The stamp “Postal troika”.
However, he considered his assumptions to be practical only in case the government built comfortable space stations (or repaired those that had not yet come into complete disrepair). A person singing a contract on their maintenance, had to procure fodder and other items necessary for the maintenance of postal rush at his own expense, without recourse to the deposit.
Speaking about the possibility of the organization of movement of postal coaches in Transcaucasia, N.S.Kakhanov proposed to establish them on the same conditions on which mail coach institutions were kept in Russia — following the example already set up in St. Petersburg, Moscow and Warsaw. He considered it necessary to manifest a special care about the only overland communication route of Transcaucasian region with Russia — Georgian Military Road. Taking into consideration the importance of the tract, he gave the priority of reconstruction to the unsatisfactory postal stations between Tiflis and Vladikavkaz, as well as the overhaul of the road with the simultaneous organization of movement of mail coaches on the tract.
To activate the measures, proposed by N.S.Kakhanov to improve the postal rush in the Transcaucasian region, large funds were required. Just to construct only 13 station buildings, located on the Georgian Military Highway between Tiflis and Vladikavkaz, the estimate provided an amount of
This project had been reviewed by a special commission in 1859 and approved by the vicegerent. Under this approved project it was planned to equip Georgian Military Highway and to establish the movement of postal carriages on it. There were no funds to improve other stations and routes in that period of time.
Postal card. Post office of Russia of XIX century. Post-coach.
After the approval of the program to bring the project to fulfillment A.I.Baryatinsky instructed N.S.Kakhanov “to implement his proposed idea”. The construction of station buildings (designed by architect Simonson) was transferred to the contractor — Tiflis citizen Mehdi bey Aga-Usain-Oglu, who had requested a loan of 435,000 rubles on the conditions of thirty-three-year loan and related interest. To acquire the property necessary for first acquisition of “Institutions of postal coaches”, N.S.Kakhanov was sent on a business trip to Russia, Kingdom of Poland and abroad. There he placed an order for the manufacture of 26 four-seater coaches and 26 six-seater omnibuses, 103 vans, 60 sledges and 14 carriages. In 1861, the improvement of the Georgian Military Road was completed and the tract was opened to the traffic of postal carriages.
Due to lack of funds for the improvement of the other stations of the Tiflis province, they had been left in the same condition, and by the decree to the Senate on April 30 1861, they were once again handed over to the police department. Thus, as a result of reforms carried out over postal rush, only the stations located on the Georgian Military Highway were left under the management of the Post Office.

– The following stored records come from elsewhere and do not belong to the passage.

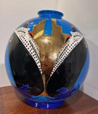 Vase de Longwy HOMMAGE à KLIMT, format boule coloniale 38 cm. de haut.
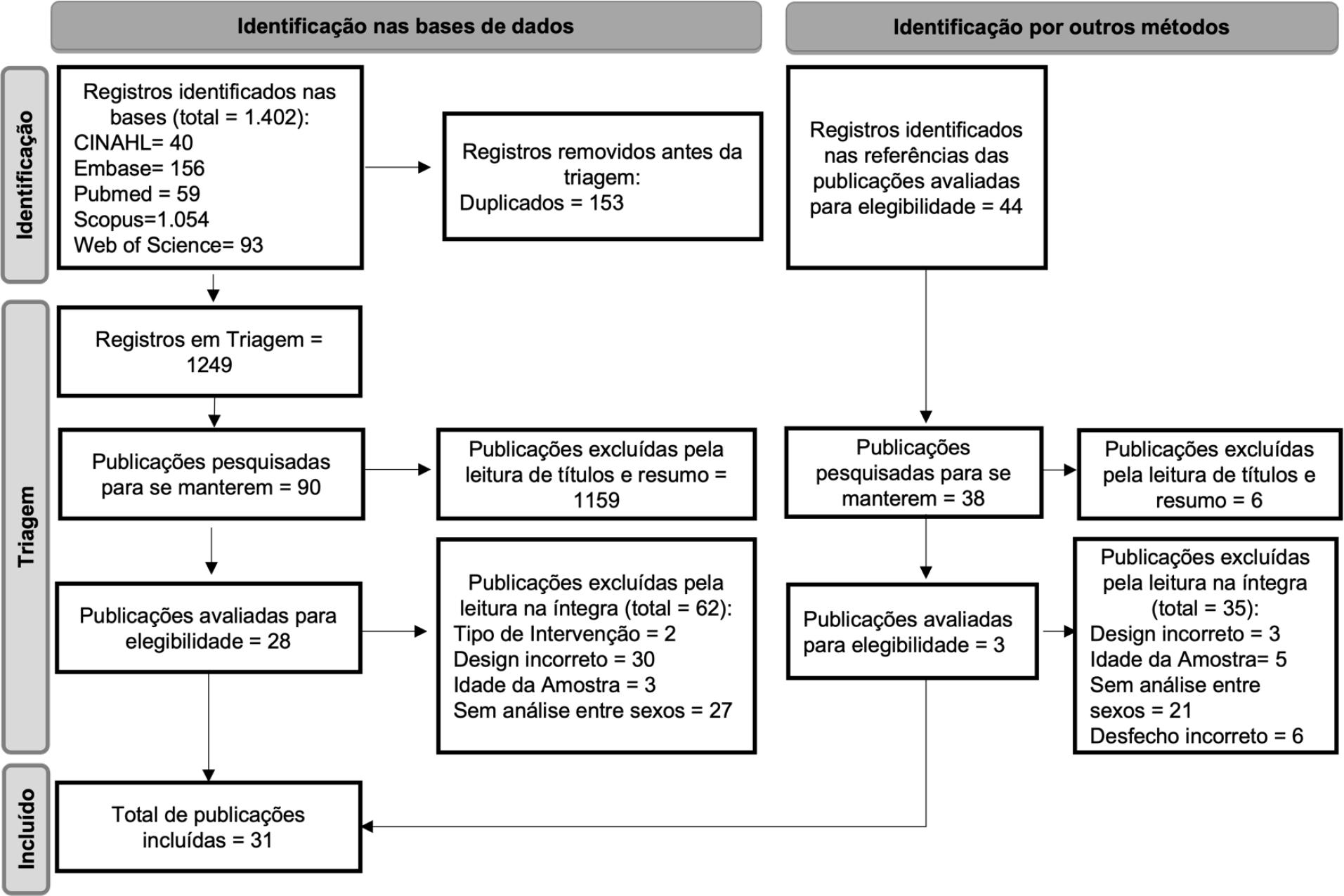 A maioria dos estudos analisados (n= 19; 61,3%), não apontaram diferenças significativas entre os sexos após a intervenção e todos eles foram classificados com alta ou média qualidade (42,1% de estudos de alta qualidade e 57,9% de estudos de média qualidade), o que proporciona dados mais confiáveis e precisos.
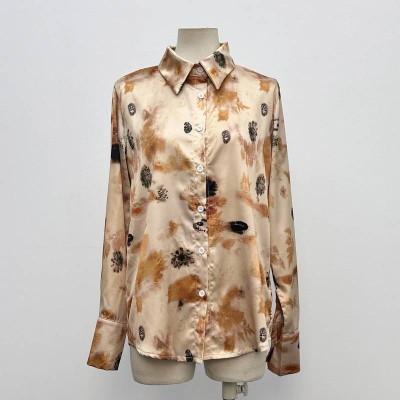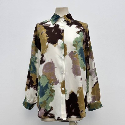 Vintage Tie-dye Design Long-sleeve Shirt Niche Lapel Unique Button Blouse
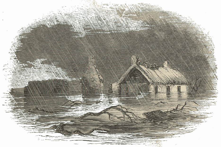 p. 51At daybreak the wide waste of waters was only bounded by the rising grounds on the south and west: whilst, towards the north and east, the watery world swept off, uninterruptedly, into the expanding Frith and the German Ocean. The embankments appeared to have everywhere given way; and the water that covered the fields, lately so beautiful with yellow wheat, green turnips, and other crops, rushed with so great impetuosity in certain directions, as to form numerous currents, setting furiously through the quieter parts of the inundation, and elevated several feet above it. As far as the eye could reach the brownish-yellow moving mass of water was covered with trees and wreck of every description, whirled along with a force that shivered many of them against unseen obstacles. There was a sublimity in the mighty power and deafening roar of waters, heightened by the livid hue of the clouds, the sheeting rain, the howling of the wind, the lowing of the cattle, and the screaming and wailing of the assembled people, that riveted the attention. In the distance could dimly be descried the far-off dwelling of poor Funns, its roof rising like a speck above the flood, that had evidently made a breach in one of its ends.
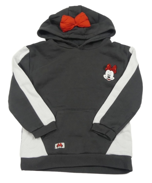 Tmavošedo-bílá mikina s Minnie s flitry a kapsou a kapucí s mašlí PRIMARK
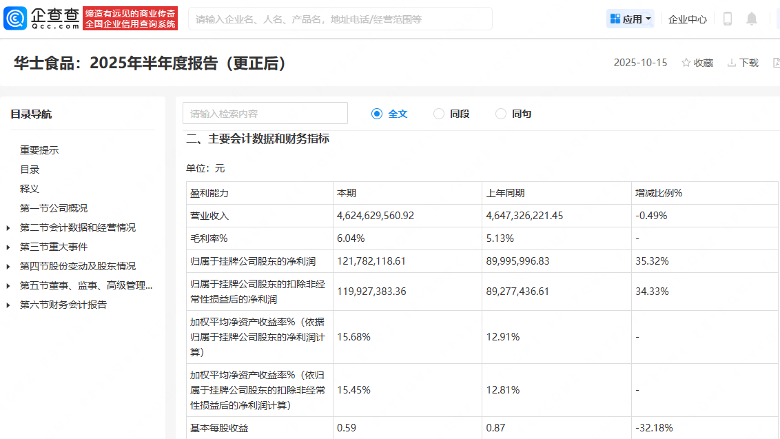 据华士食品公布的2025半年报显示,公司2025年上半年营收约46.25亿元,归母净利润逾1.21亿元,较上年同期增长35.32%。
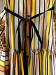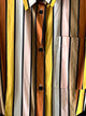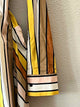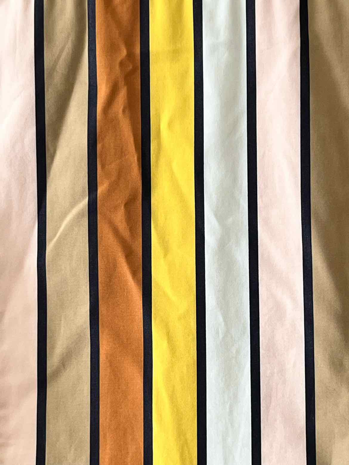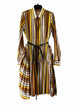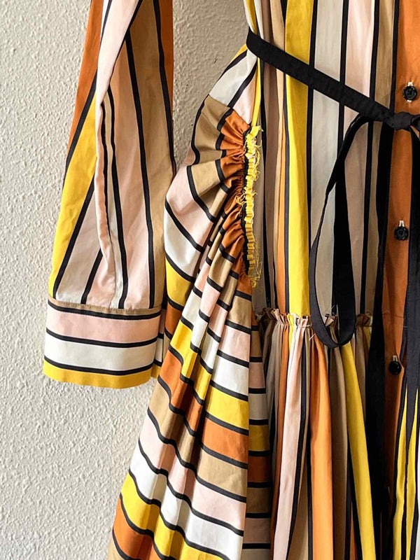 Long sleeve,collared,button down,multicolored fit and flare midi dress,multicolored vertical stripe design,black,white,camel,light brown,light blush,breast pocket,frayed shirred strip with ruffling at bottom,built in black waist tie,cinched waist,button c
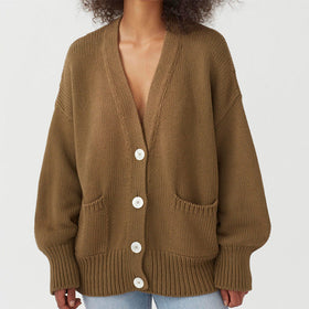 Damen Oversized Strickjacke mit Taschen und V-Ausschnitt Amawinc
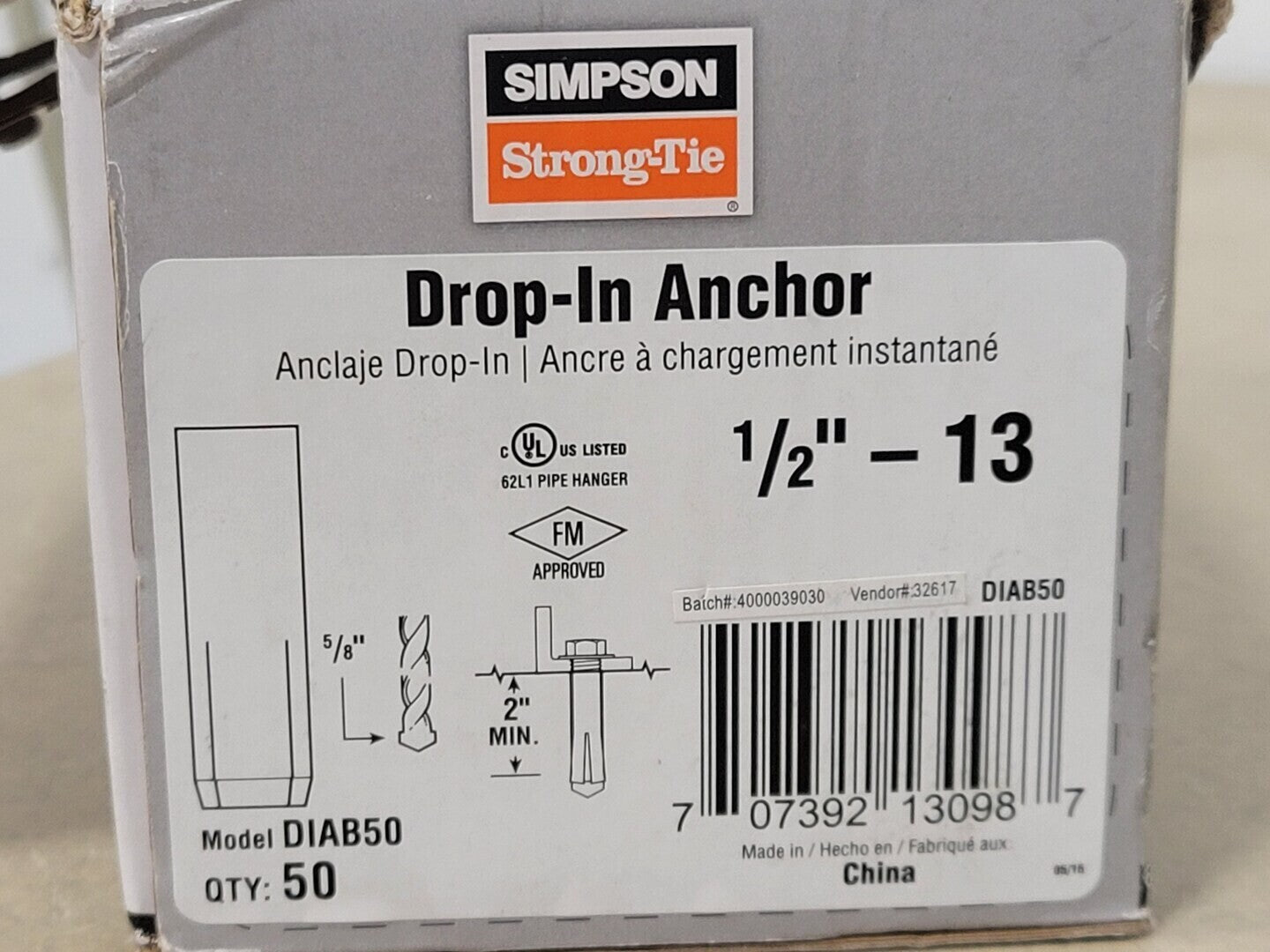 1/2" - 13" Drop-In Anchor DIAB50 (Box of 37 pcs)
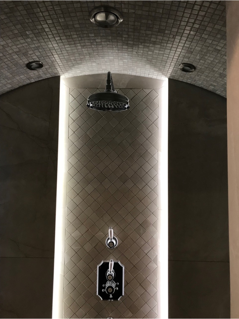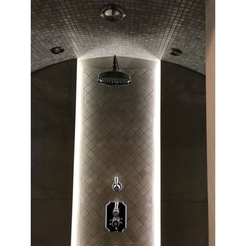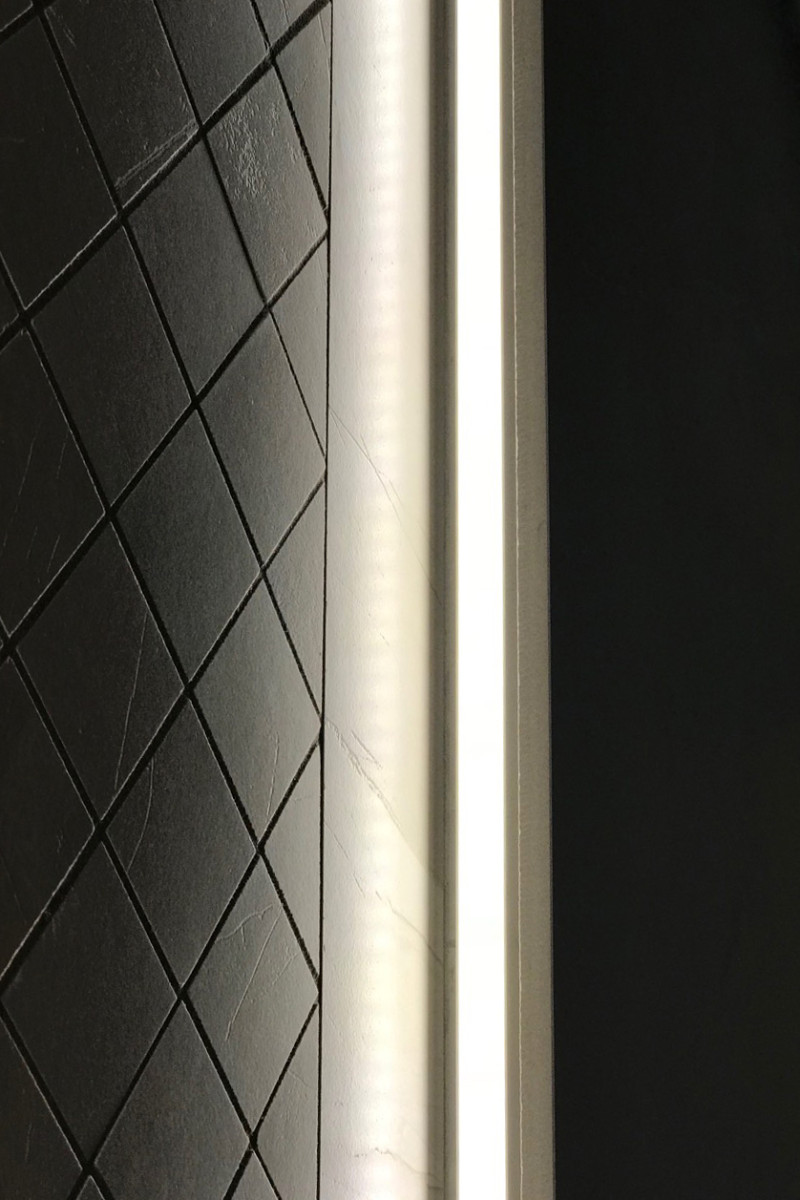 Tira de LED incorporada debajo de las tumbonas, en las paredes y cuatro candelabros en el techo.
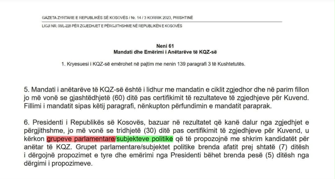 Siç duket, Osmani ka shfrytëzuar një detaj nga Ligji për Zgjedhjet e Përgjithshme që asaj i jep të drejtë të kërkojë propozimet edhe nga subjektet politike.
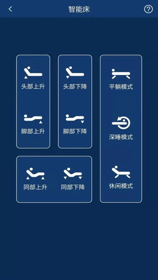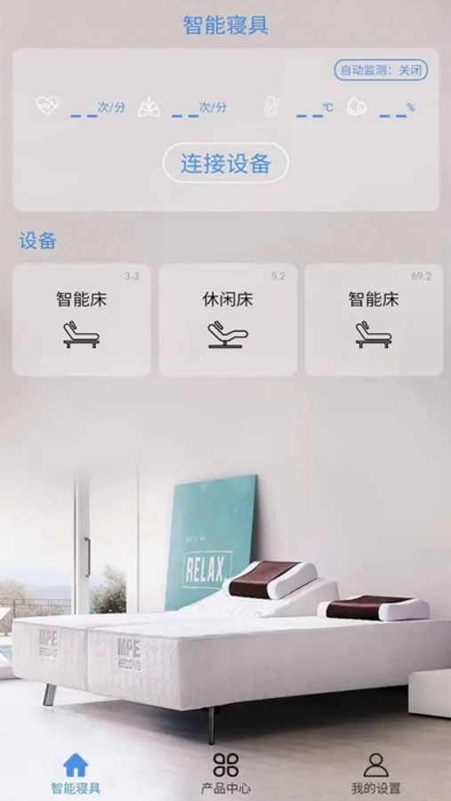 智能寝具APP是一款结合本公司的智能床,智能沙发设备的一款APP,用户可以通过智能寝具APP操作本公司产品的头部抬起高度,脚部抬起高度,软硬度,温度等等,使用户有一个更舒适的睡眠体验。
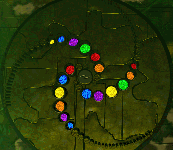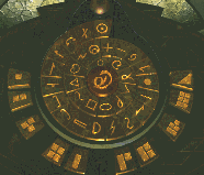 Go to the wall that has the red circle with three smaller circles around it. This is the Planets puzzle. Remember the nine murals in the Upper level? The object of this puzzle is to identify the symbol for each of the nine planets. To solve:
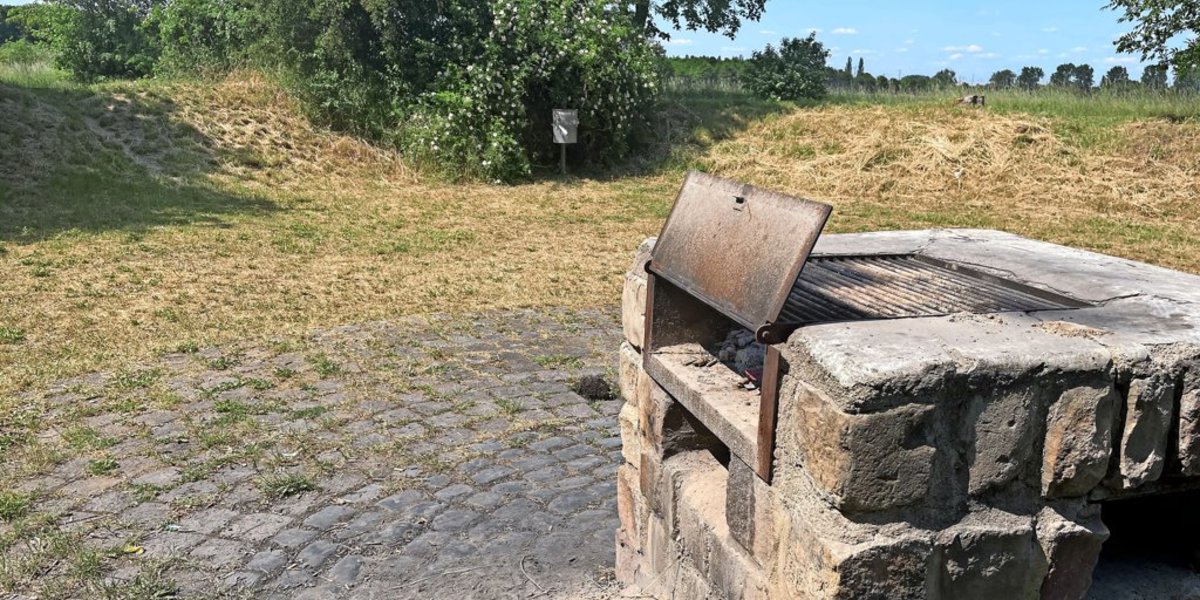 Nun haben Sie zwei Grillstationen zur Auswahl. Entweder Sie biegen nach rechts Richtung Segelclub ab und sehen in kaum 50 Metern auf der linken Seite eine abgegrenzte Wiese mit einem fest installierten Grill.
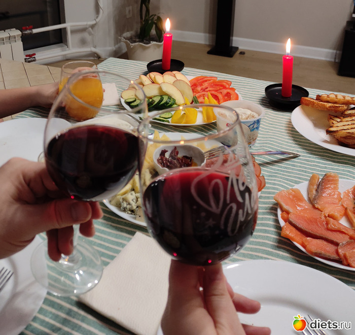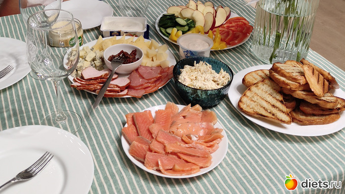 А вот на ужин мы устроили фуршет с вином, сырно-мясной и овощной тарелкой, слабосоленой сёмгой и форелью, ещё был хумус, намазка из копчёного сыра с чесноком и намазка из криля, творожный сыр, жареный хлебушек, вяленые томаты) одним словом пир горой) выпила 2 больших бокала красного сухого вина и всего поела) если бывает гастрономический оргазм, то это был он)
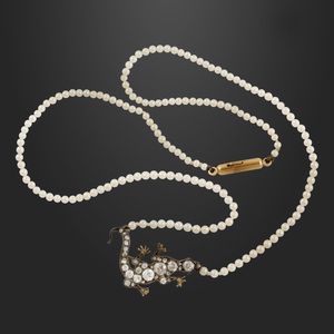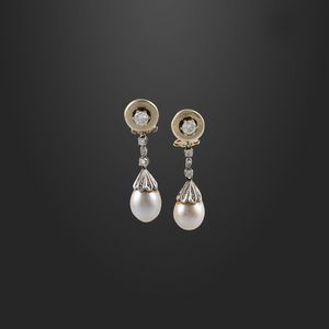 pendenti in oro bianco e brillanti del peso complessivo di 0,70 ct ca, ciascuno con perla a goccia terminale [..]
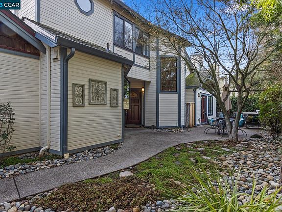 Location! Location! Location! Minutes from downtown Pleasanton. Come home to this beautiful two story townhome. Relax in the outdoor hot tub with a private serene setting. Closet in third bedroom is opened up and can easily be added. Currently being used as a home office. Kitchen features granite counter with NEW stainless steel refrigerator, stove and dishwasher with an eat in kitchen. Lovely formal dining room. Living room has vaulted ceilings with built in shelving surrounding the fireplace. Large Primary bedroom suite features an extra sitting area and walk in closet. Bathrooms have been beautifully updated. This one is a gem!!
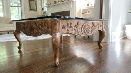 Oriental Carved Wood Coffee Table with Glass Top$30West Orange, NJ
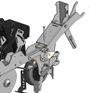 Étape 2 : Remplacez les boulons indiqués en jaune par les nouveaux boulons indiqués en vert. Cela nécessite le démontage du bras de désherbage sur les remorques actives. Tous les boulons et pièces nécessaires sont inclus dans la référence 102011104 - Support de renfort pour remorque.

Final transfer of the postal stations of the Transcaucasian region from under the management of rural Police to under the management of the Post Office was held only in 1868 on the basis of the decree to the Senate on December 9, 1867 “On the transformation of the Caucasus and the Transcaucasian region”. 
Introduction to the South Caucasus, of the “estimated” system of managing post stations, instead of selling them from the “auction” came only since 1871.